━━━ INPUT DATA
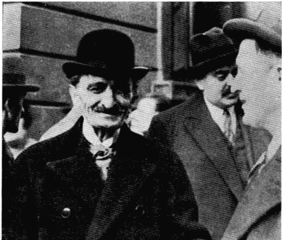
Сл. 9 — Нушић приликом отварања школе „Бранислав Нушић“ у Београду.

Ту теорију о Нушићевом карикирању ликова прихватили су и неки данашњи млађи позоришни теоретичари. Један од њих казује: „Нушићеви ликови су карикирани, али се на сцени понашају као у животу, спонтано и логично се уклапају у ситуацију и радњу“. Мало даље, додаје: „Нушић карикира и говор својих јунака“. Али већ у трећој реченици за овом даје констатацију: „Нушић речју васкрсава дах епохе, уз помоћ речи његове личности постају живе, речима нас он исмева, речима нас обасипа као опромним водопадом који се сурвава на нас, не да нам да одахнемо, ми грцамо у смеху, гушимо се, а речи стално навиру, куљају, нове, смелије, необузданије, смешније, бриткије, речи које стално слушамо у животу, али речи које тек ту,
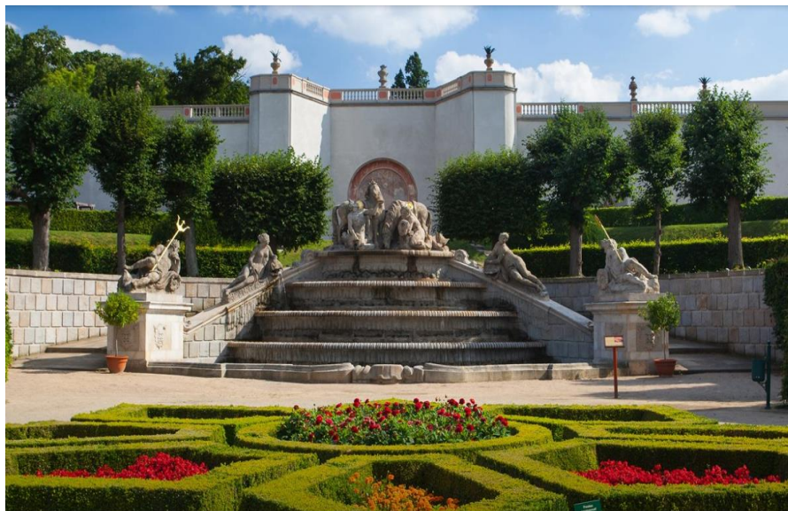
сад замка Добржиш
━━━━━━
Copy the full listing above exactly, apart from the pictures.

▶ **ANSWER SPACE**
Сл. 9 — Нушић приликом отварања школе „Бранислав Нушић“ у Београду.

Ту теорију о Нушићевом карикирању ликова прихватили су и неки данашњи млађи позоришни теоретичари. Један од њих казује: „Нушићеви ликови су карикирани, али се на сцени понашају као у животу, спонтано и логично се уклапају у ситуацију и радњу“. Мало даље, додаје: „Нушић карикира и говор својих јунака“. Али већ у трећој реченици за овом даје констатацију: „Нушић речју васкрсава дах епохе, уз помоћ речи његове личности постају живе, речима нас он исмева, речима нас обасипа као опромним водопадом који се сурвава на нас, не да нам да одахнемо, ми грцамо у смеху, гушимо се, а речи стално навиру, куљају, нове, смелије, необузданије, смешније, бриткије, речи које стално слушамо у животу, али речи које тек ту,
сад замка Добржиш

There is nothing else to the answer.